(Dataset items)

====================

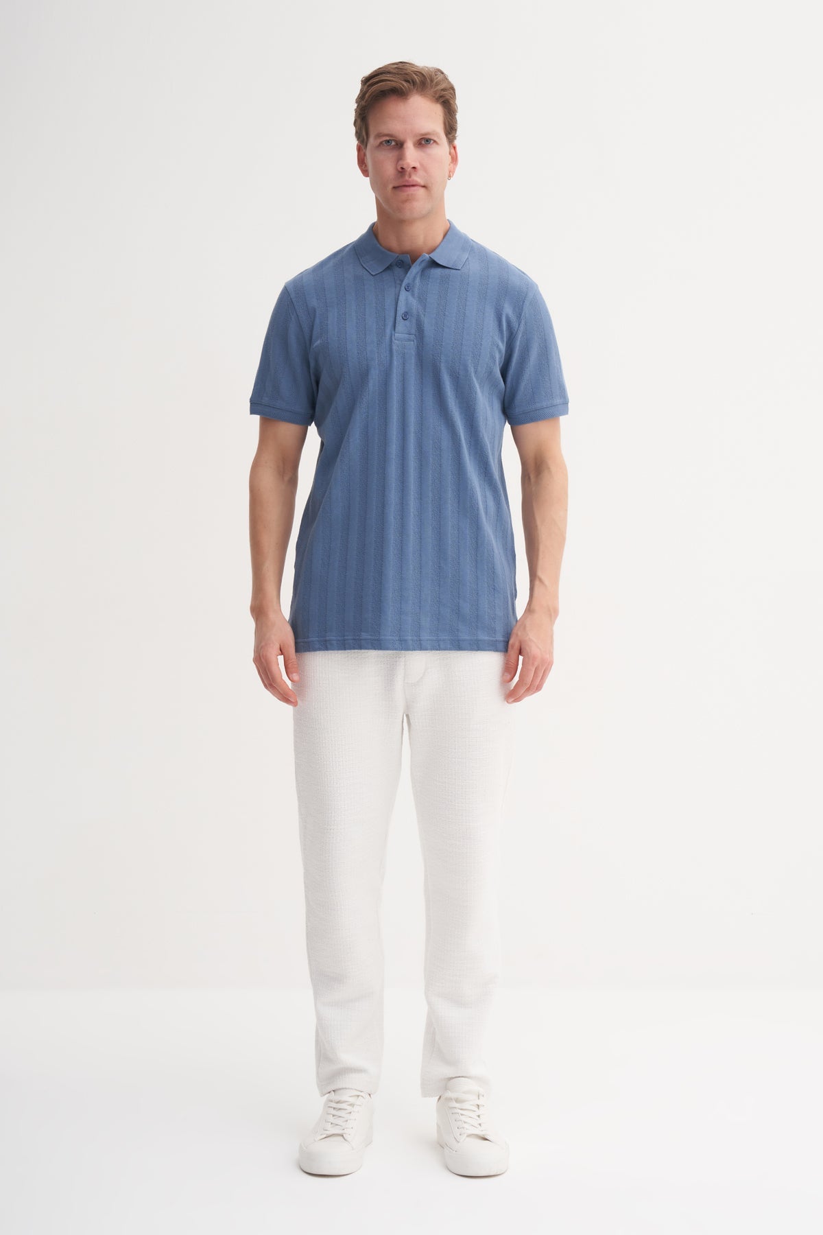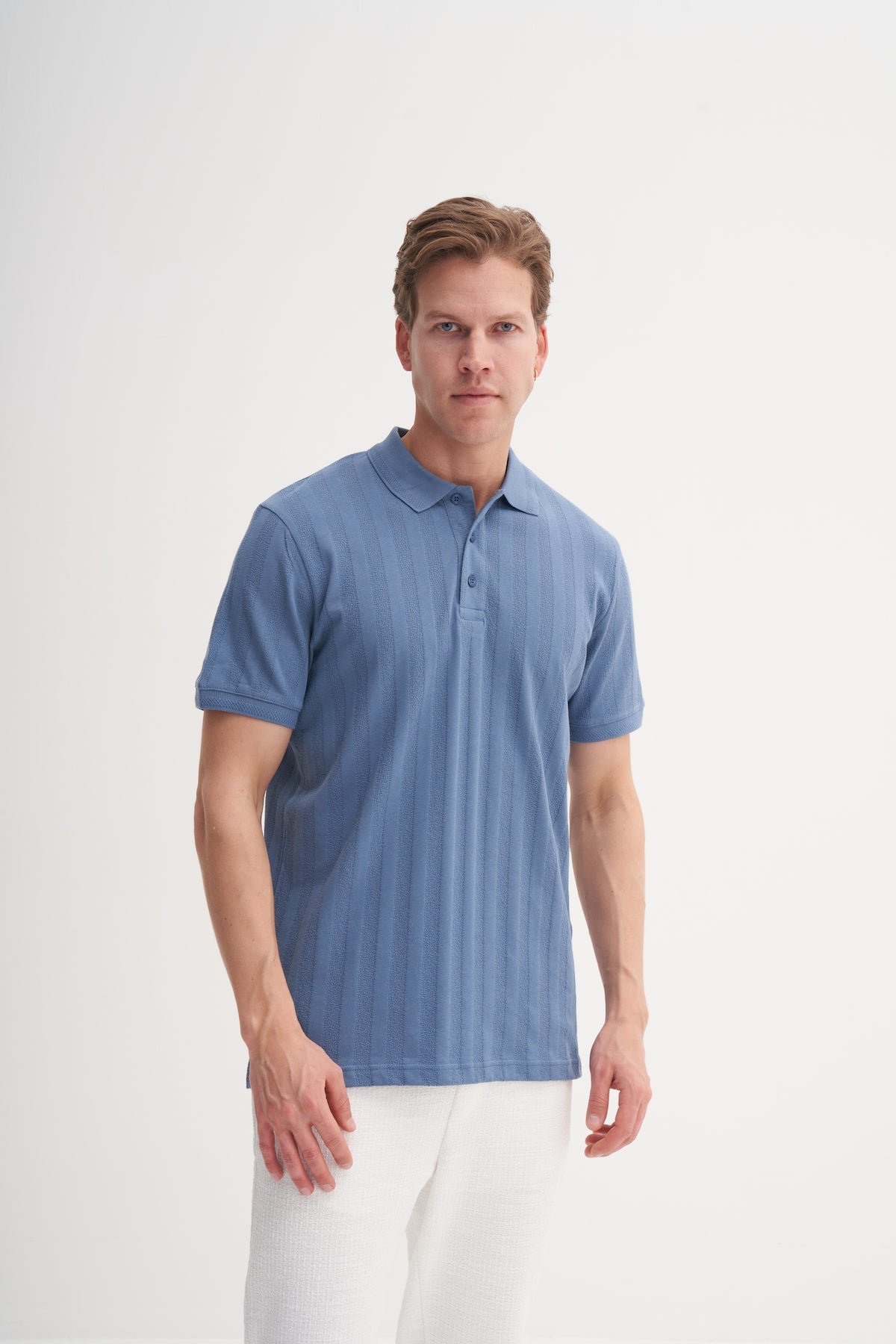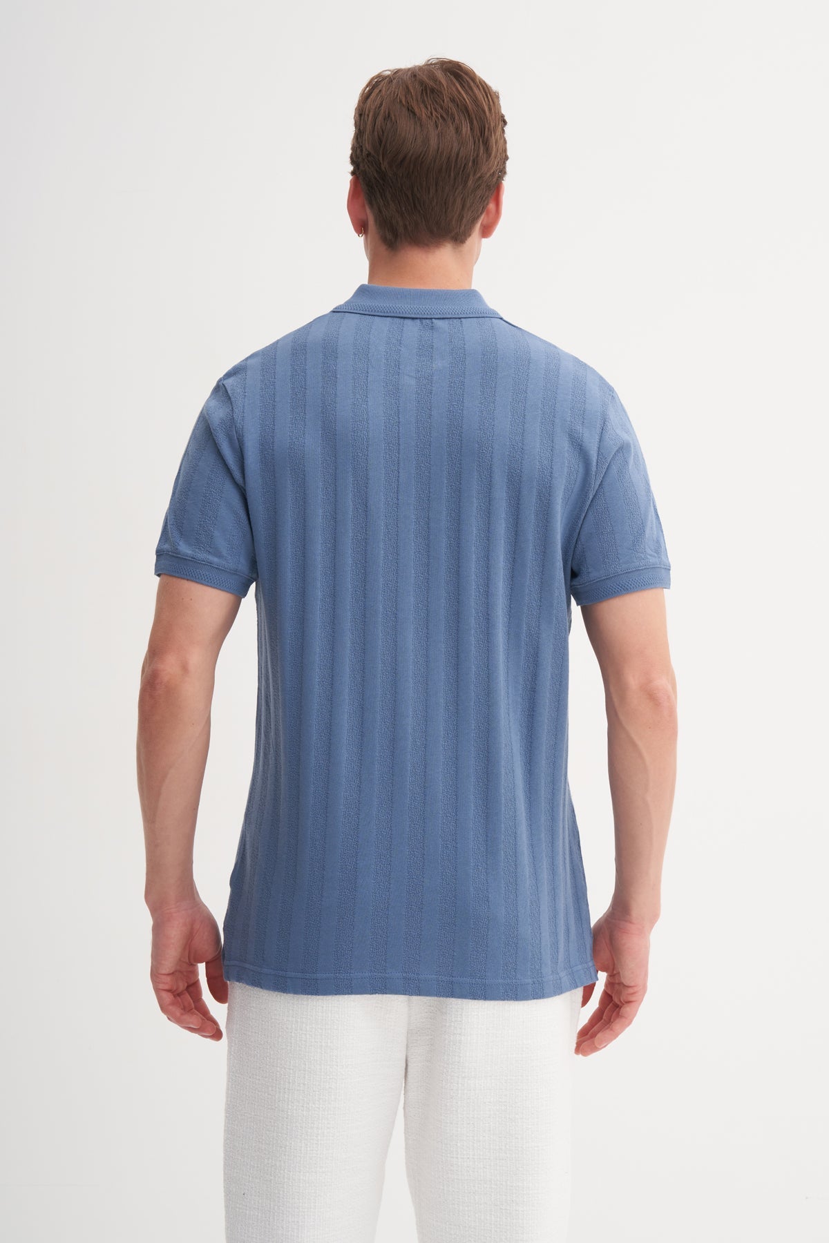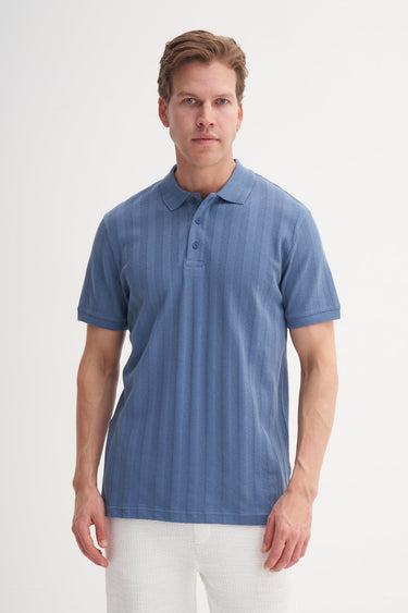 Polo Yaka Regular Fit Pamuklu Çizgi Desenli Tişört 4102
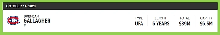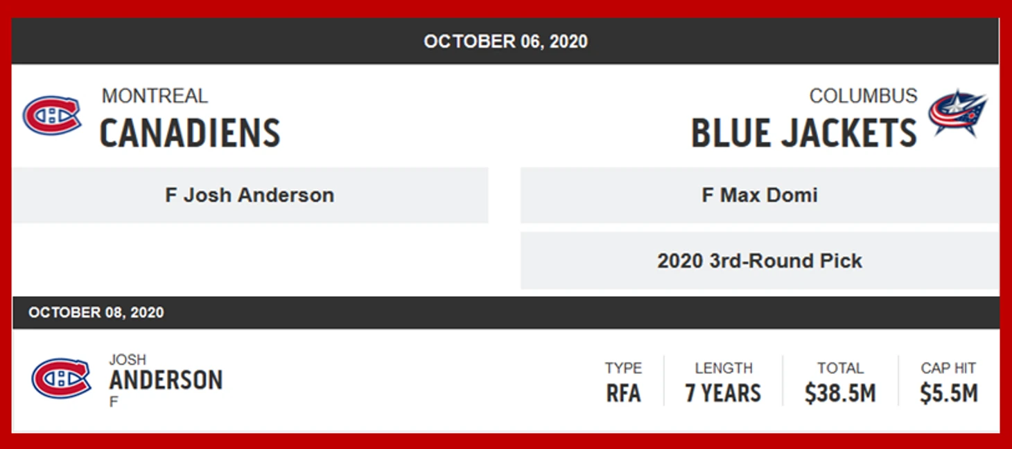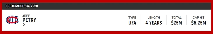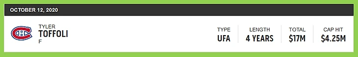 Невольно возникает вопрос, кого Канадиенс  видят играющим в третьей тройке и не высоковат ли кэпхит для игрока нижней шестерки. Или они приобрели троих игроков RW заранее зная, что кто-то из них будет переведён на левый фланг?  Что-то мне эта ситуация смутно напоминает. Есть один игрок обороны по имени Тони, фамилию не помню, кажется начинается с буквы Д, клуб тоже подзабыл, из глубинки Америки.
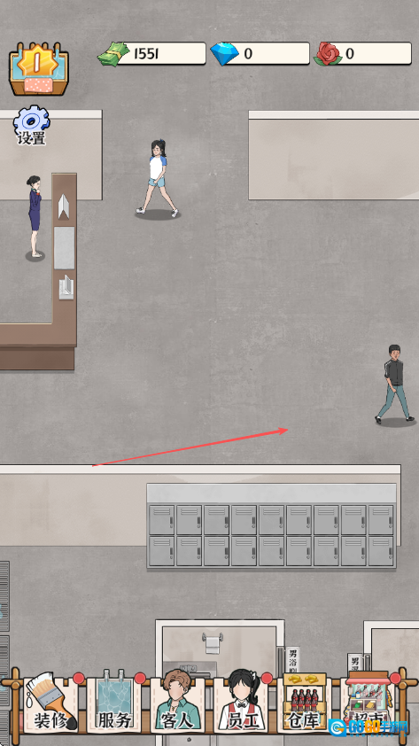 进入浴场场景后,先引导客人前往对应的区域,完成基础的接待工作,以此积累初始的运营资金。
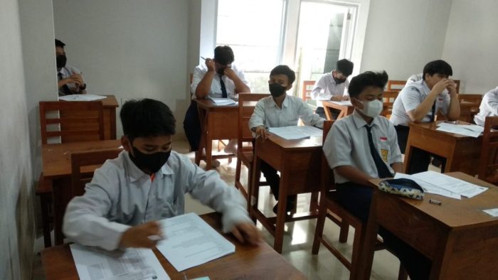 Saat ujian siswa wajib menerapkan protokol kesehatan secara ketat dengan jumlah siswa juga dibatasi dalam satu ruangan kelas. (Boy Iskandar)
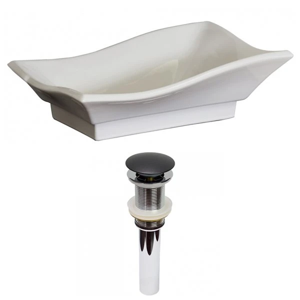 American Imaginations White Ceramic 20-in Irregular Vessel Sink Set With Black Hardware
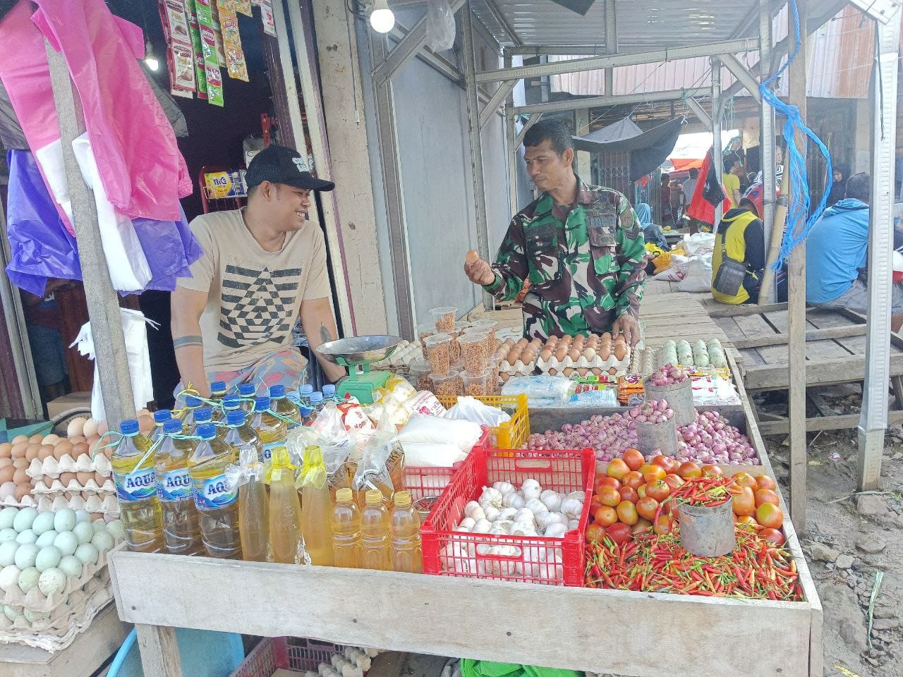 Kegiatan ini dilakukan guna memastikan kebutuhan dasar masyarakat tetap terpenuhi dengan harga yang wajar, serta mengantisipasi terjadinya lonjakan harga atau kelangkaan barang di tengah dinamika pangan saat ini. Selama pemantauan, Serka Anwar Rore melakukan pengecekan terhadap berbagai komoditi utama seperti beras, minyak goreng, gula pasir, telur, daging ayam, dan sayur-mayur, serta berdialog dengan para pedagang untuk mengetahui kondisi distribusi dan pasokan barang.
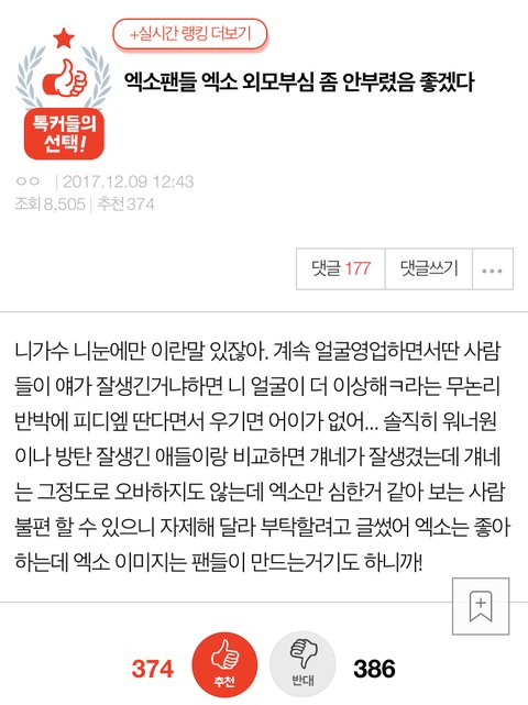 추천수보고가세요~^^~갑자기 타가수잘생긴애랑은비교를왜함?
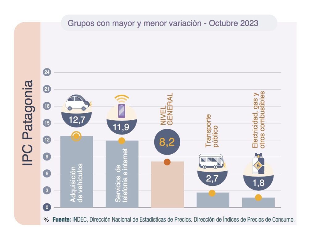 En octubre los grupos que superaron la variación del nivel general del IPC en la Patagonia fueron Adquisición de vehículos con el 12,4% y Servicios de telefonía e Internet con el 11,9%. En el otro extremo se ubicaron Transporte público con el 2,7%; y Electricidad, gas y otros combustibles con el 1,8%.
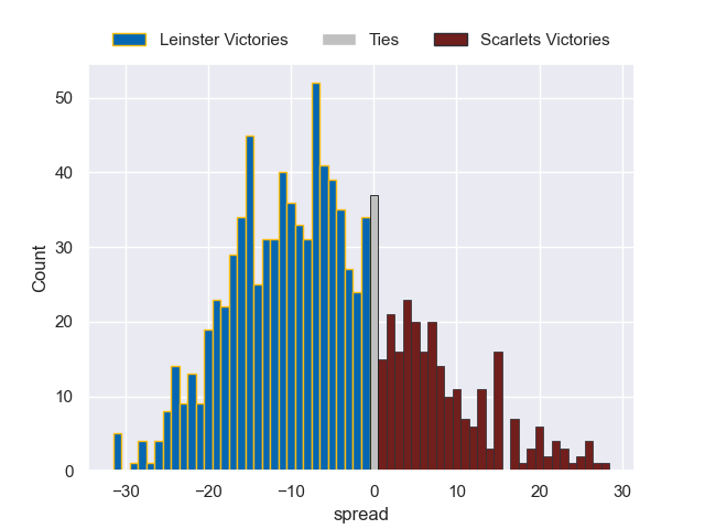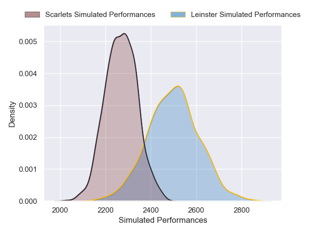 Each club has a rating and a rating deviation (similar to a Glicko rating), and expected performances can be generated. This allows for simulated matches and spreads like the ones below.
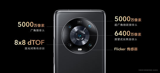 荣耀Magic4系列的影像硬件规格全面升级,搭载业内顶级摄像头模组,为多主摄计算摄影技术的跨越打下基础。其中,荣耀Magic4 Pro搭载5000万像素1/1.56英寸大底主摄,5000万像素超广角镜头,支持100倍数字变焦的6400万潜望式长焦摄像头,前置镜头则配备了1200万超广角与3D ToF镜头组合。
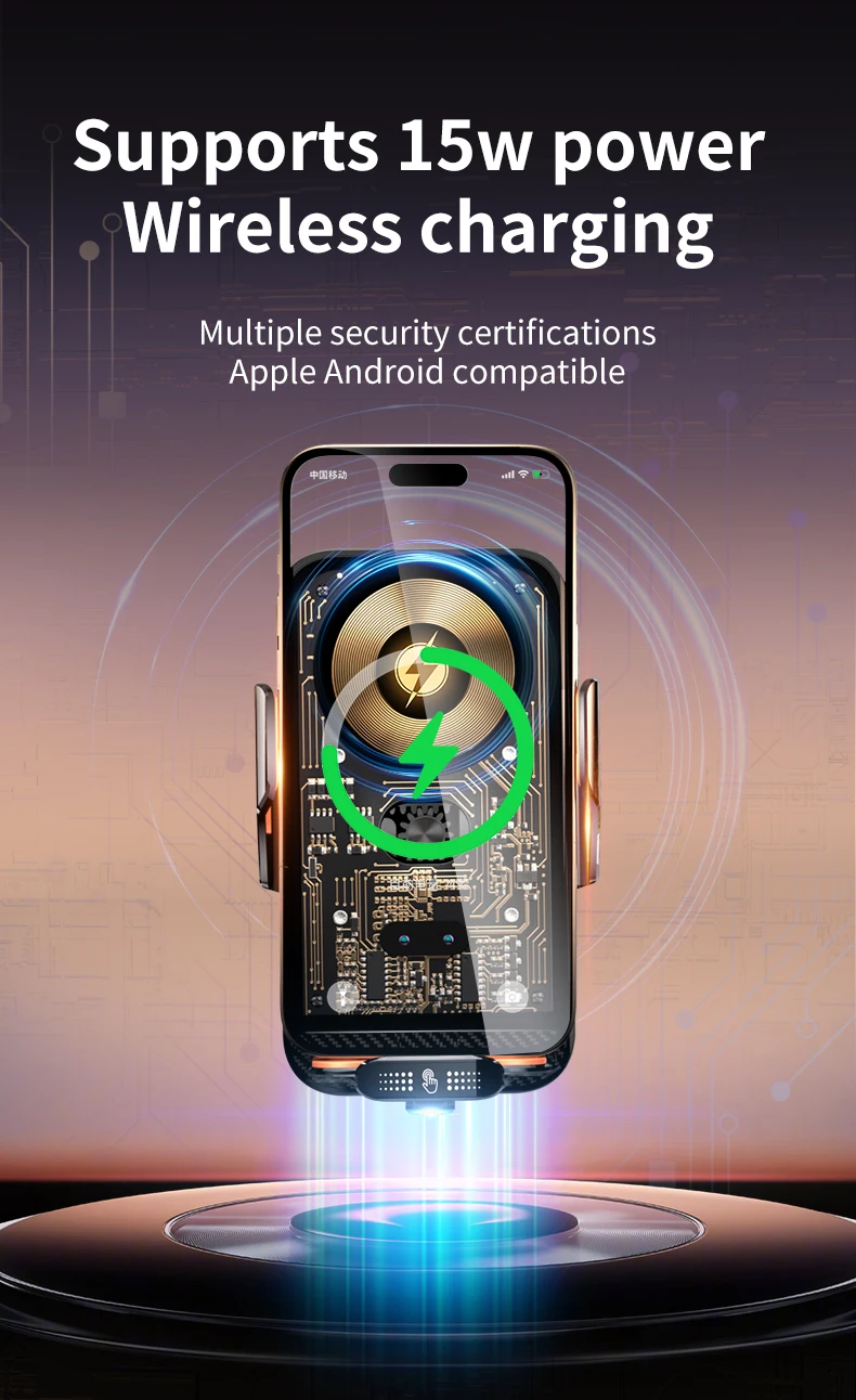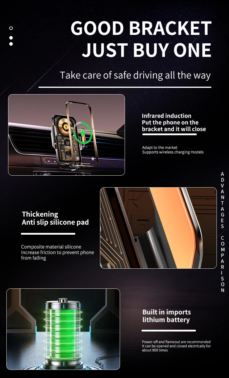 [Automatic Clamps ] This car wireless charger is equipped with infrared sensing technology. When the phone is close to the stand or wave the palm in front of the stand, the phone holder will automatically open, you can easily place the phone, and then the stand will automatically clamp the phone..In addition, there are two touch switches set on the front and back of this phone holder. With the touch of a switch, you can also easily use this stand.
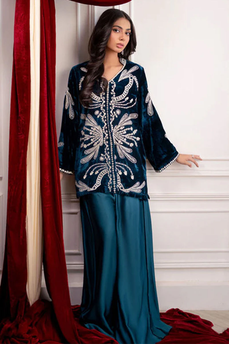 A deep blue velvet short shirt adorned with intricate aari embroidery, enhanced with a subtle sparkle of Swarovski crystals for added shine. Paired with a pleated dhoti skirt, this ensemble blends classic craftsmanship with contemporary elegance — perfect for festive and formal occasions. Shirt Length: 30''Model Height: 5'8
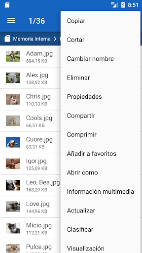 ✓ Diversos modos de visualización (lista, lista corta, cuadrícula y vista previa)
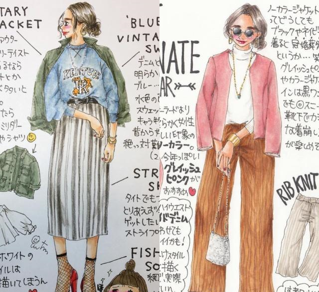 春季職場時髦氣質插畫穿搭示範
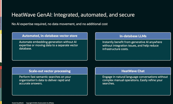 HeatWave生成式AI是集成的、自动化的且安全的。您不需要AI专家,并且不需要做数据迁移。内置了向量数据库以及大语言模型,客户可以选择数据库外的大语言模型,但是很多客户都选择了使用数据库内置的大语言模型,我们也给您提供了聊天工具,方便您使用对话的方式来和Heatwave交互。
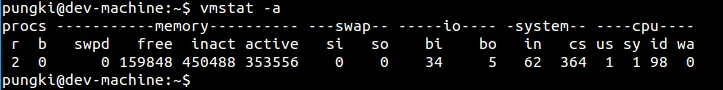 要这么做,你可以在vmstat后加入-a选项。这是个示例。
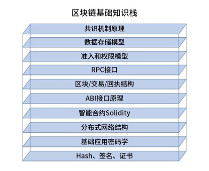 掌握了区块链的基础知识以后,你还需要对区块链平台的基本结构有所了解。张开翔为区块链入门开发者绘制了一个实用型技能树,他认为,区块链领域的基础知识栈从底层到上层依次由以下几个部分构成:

====================

• Prompt: Each entry is to be returned precisely as it appears, but the pictures are to be dropped.

• Exercise answer:
 Polo Yaka Regular Fit Pamuklu Çizgi Desenli Tişört 4102
 Невольно возникает вопрос, кого Канадиенс  видят играющим в третьей тройке и не высоковат ли кэпхит для игрока нижней шестерки. Или они приобрели троих игроков RW заранее зная, что кто-то из них будет переведён на левый фланг?  Что-то мне эта ситуация смутно напоминает. Есть один игрок обороны по имени Тони, фамилию не помню, кажется начинается с буквы Д, клуб тоже подзабыл, из глубинки Америки.
 进入浴场场景后,先引导客人前往对应的区域,完成基础的接待工作,以此积累初始的运营资金。
 Saat ujian siswa wajib menerapkan protokol kesehatan secara ketat dengan jumlah siswa juga dibatasi dalam satu ruangan kelas. (Boy Iskandar)
 American Imaginations White Ceramic 20-in Irregular Vessel Sink Set With Black Hardware
 Kegiatan ini dilakukan guna memastikan kebutuhan dasar masyarakat tetap terpenuhi dengan harga yang wajar, serta mengantisipasi terjadinya lonjakan harga atau kelangkaan barang di tengah dinamika pangan saat ini. Selama pemantauan, Serka Anwar Rore melakukan pengecekan terhadap berbagai komoditi utama seperti beras, minyak goreng, gula pasir, telur, daging ayam, dan sayur-mayur, serta berdialog dengan para pedagang untuk mengetahui kondisi distribusi dan pasokan barang.
 추천수보고가세요~^^~갑자기 타가수잘생긴애랑은비교를왜함?
 En octubre los grupos que superaron la variación del nivel general del IPC en la Patagonia fueron Adquisición de vehículos con el 12,4% y Servicios de telefonía e Internet con el 11,9%. En el otro extremo se ubicaron Transporte público con el 2,7%; y Electricidad, gas y otros combustibles con el 1,8%.
 Each club has a rating and a rating deviation (similar to a Glicko rating), and expected performances can be generated. This allows for simulated matches and spreads like the ones below.
 荣耀Magic4系列的影像硬件规格全面升级,搭载业内顶级摄像头模组,为多主摄计算摄影技术的跨越打下基础。其中,荣耀Magic4 Pro搭载5000万像素1/1.56英寸大底主摄,5000万像素超广角镜头,支持100倍数字变焦的6400万潜望式长焦摄像头,前置镜头则配备了1200万超广角与3D ToF镜头组合。
 [Automatic Clamps ] This car wireless charger is equipped with infrared sensing technology. When the phone is close to the stand or wave the palm in front of the stand, the phone holder will automatically open, you can easily place the phone, and then the stand will automatically clamp the phone..In addition, there are two touch switches set on the front and back of this phone holder. With the touch of a switch, you can also easily use this stand.
 A deep blue velvet short shirt adorned with intricate aari embroidery, enhanced with a subtle sparkle of Swarovski crystals for added shine. Paired with a pleated dhoti skirt, this ensemble blends classic craftsmanship with contemporary elegance — perfect for festive and formal occasions. Shirt Length: 30''Model Height: 5'8
 ✓ Diversos modos de visualización (lista, lista corta, cuadrícula y vista previa)
 春季職場時髦氣質插畫穿搭示範
 HeatWave生成式AI是集成的、自动化的且安全的。您不需要AI专家,并且不需要做数据迁移。内置了向量数据库以及大语言模型,客户可以选择数据库外的大语言模型,但是很多客户都选择了使用数据库内置的大语言模型,我们也给您提供了聊天工具,方便您使用对话的方式来和Heatwave交互。
 要这么做,你可以在vmstat后加入-a选项。这是个示例。
 掌握了区块链的基础知识以后,你还需要对区块链平台的基本结构有所了解。张开翔为区块链入门开发者绘制了一个实用型技能树,他认为,区块链领域的基础知识栈从底层到上层依次由以下几个部分构成:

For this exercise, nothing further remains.